Today I ran 1 half Pale of coal through the stove. First let me say that it did not explode! My stove is made for it. It burned for close to five hours. I started with wood and when it was just red coals I put a layer of coal on and got it burning. I then made a cone from the back of the stove to the feed door. It burned nice and hot but it took a little while to get the air set right. Switched back to wood for the night. The coal is nice and warm, but I've decided that that I'm just going to keep burning wood! It puts an awful lot of dark smoke in the air and you can definitely smell it out in the yard.
I don't know It's beyond my experience. Inside is there a very heavy duty set of grates with a shaker?
If it is an open grate at the bottom, then IMO it is able to burn coal. If it is covered at the bottom it is solely a wood stove. If it has a detachable grate you have the option of both.
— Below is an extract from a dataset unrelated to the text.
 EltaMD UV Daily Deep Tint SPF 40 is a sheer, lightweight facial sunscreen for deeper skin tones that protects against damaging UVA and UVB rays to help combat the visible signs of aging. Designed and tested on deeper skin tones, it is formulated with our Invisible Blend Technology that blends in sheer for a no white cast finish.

Mine will burn smokeless fuel, anthracite etc, but I'm not allowed to burn ordinary 'household' or bituminous coal and wouldn't want to (smell, mess, environment emissions even after a fast hot burn of initial ignition wood, risk of overfiring my small stove etc here in a UK urban area)
When the warm air moves in the house from turning the stove up at dusk I often get a whiff of our old fireplace. we put a new insert in but it would not accomidate the faceplate (yes blocker installed). That smell turns my tummy, totally different from burning smell. I watched a movie today with the lil one where a lad was sweeping chimneys a century ago, I bet he smelled exactly like you described.
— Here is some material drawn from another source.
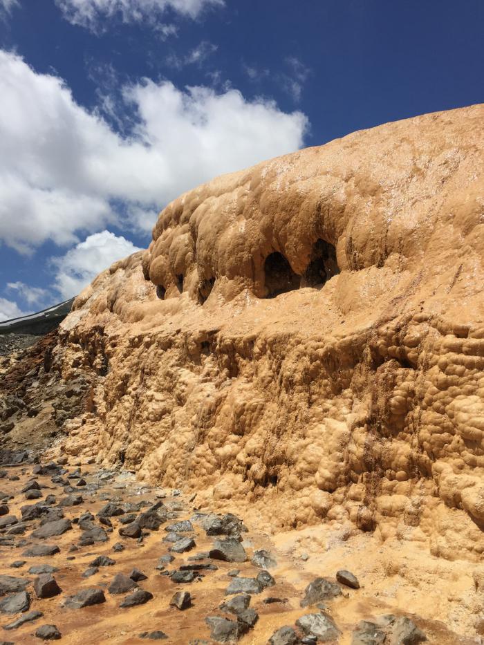 Следующим и не последним чудом природы мы встретили Нарзанный источник. Проехать его днем просто невозможно, рыжевато-коричневатое образование сразу бросается в глаза. Пить из него воду мы побоялись.

I'm betting that stove is a wood/coal stove. It looks very close to one my parents had. There should be a shaker that you hook onto the grates and move back and forth to shake the ashes down to the bottom. That type should also have a damper in the flue. But what puzzles me is there is not another draft in the firebox door. Usually it is a slider. But, if you look for the bottom and see grates that you can move to shake the ashes down, it will burn coal.
Years ago I had a wood stove that said you could burn coal in it as well as wood. My friend had several bags of coal he gave to me that I mixed in with the wood, more as an experiment just to see what it would do. Worked fine. I, like you, remember the distinct odor outside the house when burning coal. Interesting thread...
Another thing I remember as a child was that I had to take the sledge hammer and break up the bigger pieces of coal. Best nobody is standing around when that is done as the chips will fly. I also never liked the smell of the stuff.